Merak ediyorum, acaba Türk Dış İşleri Bakanlığı ve onu yurt dışında temsil eden elçilik personeli ne ile meşguller? Aldıkları binlerce doların hakkını niçin vermiyorlar? Neden Türkiye’yi tanıtmak ve Türklere karşı meydana gelen olumsuz imajı düzeltmek için ciddi bir gayretin ve aktif bir faaliyetin içine girmiyorlar? Milletin verdiği vergilerden aldıkları maaşın hakkını helal ettirmek için neden çalışmıyorlar?
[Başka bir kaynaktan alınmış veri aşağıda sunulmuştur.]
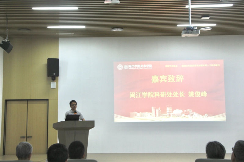 8x8x 科研处处长姚俊峰先生在致辞中着重强调了三点:首先,他指出参与项目的学员都是经过严格选拔的优秀人才,这些学员不仅肩负着漆艺传承创新的使命,更是连接湄澜国家文化交流的重要纽带。其次,姚处长勉励学员珍惜这次难得的学习机会,要通过国内外优秀专家学者的指导,深入理解传统技艺的精髓和创新发展的可能性。最后,他表达了对学员们的殷切期望,希望大家能将所学知识转化为推动社会主义文化繁荣、促进人类命运共同体建设的实际贡献。在结束讲话时,姚处长衷心祝愿本次培训取得丰硕成果,并向在场领导、嘉宾、同仁致以健康祝福,同时期待全体学员能够学有所获、创作丰收,在交流中建立深厚友谊。

Vatandaşlarına yeterli derecede hizmet etmemenin ötesinde, resmi ideolojinin temsilcisi duruşuyla, neden kendi vatandaşlarına tepeden bakan kibirli davranışların içine giriyorlar? Ben bu soruların cevabını bulabilmiş değilim.
Her neyse..Nihayet Halil Bozkaya kardeşimizle buluşup sarmaş dolaş olduk. Bir miktar istirahatten sonra, öğle namazını müteakip üç saatlik bir gezi, Brisbane şehrinin ne kadar güzel tanzim edildiğini ve şehircilik anlayışı ile düzenlendiğini görmemize kâfi gelmişti. Bir buçuk milyon nüfusa sahip olan şehirde, Müslümanlara ait sekiz adet cami bulunuyor. Gittiğimiz Salı günü akşamı, Dar-ül Ulum Camisinde bir sohbetimiz oldu. Çarşamba akşamı ise, Gold Cost şehrinde, mastır öğrencisi Mustafa kardeşin evinde, Hakan ve emsali arkadaşların da katıldığı bir ders yaptık. Su gibi akıp giden saatlerin ardından tekrar Brisbane şehrine döndük.
Perşembe günü Halil kardeş bizi Gravat tepesine götürdü. Şehrin her tarafına hâkim ve tam orta yerde bulunan bu tepeden, Brisbane şehri bütün güzelliğiyle bir kartpostal gibi görünüyordu. Yemyeşil ve bol miktardaki ağaçlar şehre bir orman görüntüsü veriyordu. Yüksek binalar sadece şehir merkezindeydi. Onun dışında hemen hemen bütün evler villa tipinde yapılmış. Her taraf çimenlerle çevrili. Bir karış toprak olsa hemen oraya çimen ekiyorlar. İnsanlar yaşadıkları şehri yalancı bir cennete çevirmişler.
Aynı gün Sunshincost (Sanşaynkost) şehrine gittik. Güneş ışıklarının bol olduğu sahiller anlamına geliyormuş. Gerçekten Pasifik Okyanusunun sahilindeki bu şehir tam bir turizm merkezi. Su Altı dünyası dedikleri dev akvaryumu ziyaret edip tekrar şehre dönüp, akşam İsmet beyin evinde sohbete katıldık. Risale-i Nurlar dünyanın öbür ucu olan Avustralya kıt’asında bile okunuyor ve nice insanların imanlarının kurtulmasına vesile oluyordu. Kalabalık cemaatle vedalaşıp ayrıldık. Üç günümüz böyle geçti.
(Not: 1998 yılının Nisan ayı başında gerçekleşen Avustralya seyahat notlarını, gelecek kuşaklara bir hatıra olması için elektronik ortama aktarmayı bir vazife telâkki ettim. Umarım Nur hizmetleri açısından şevk ve gayrete vesile olur.)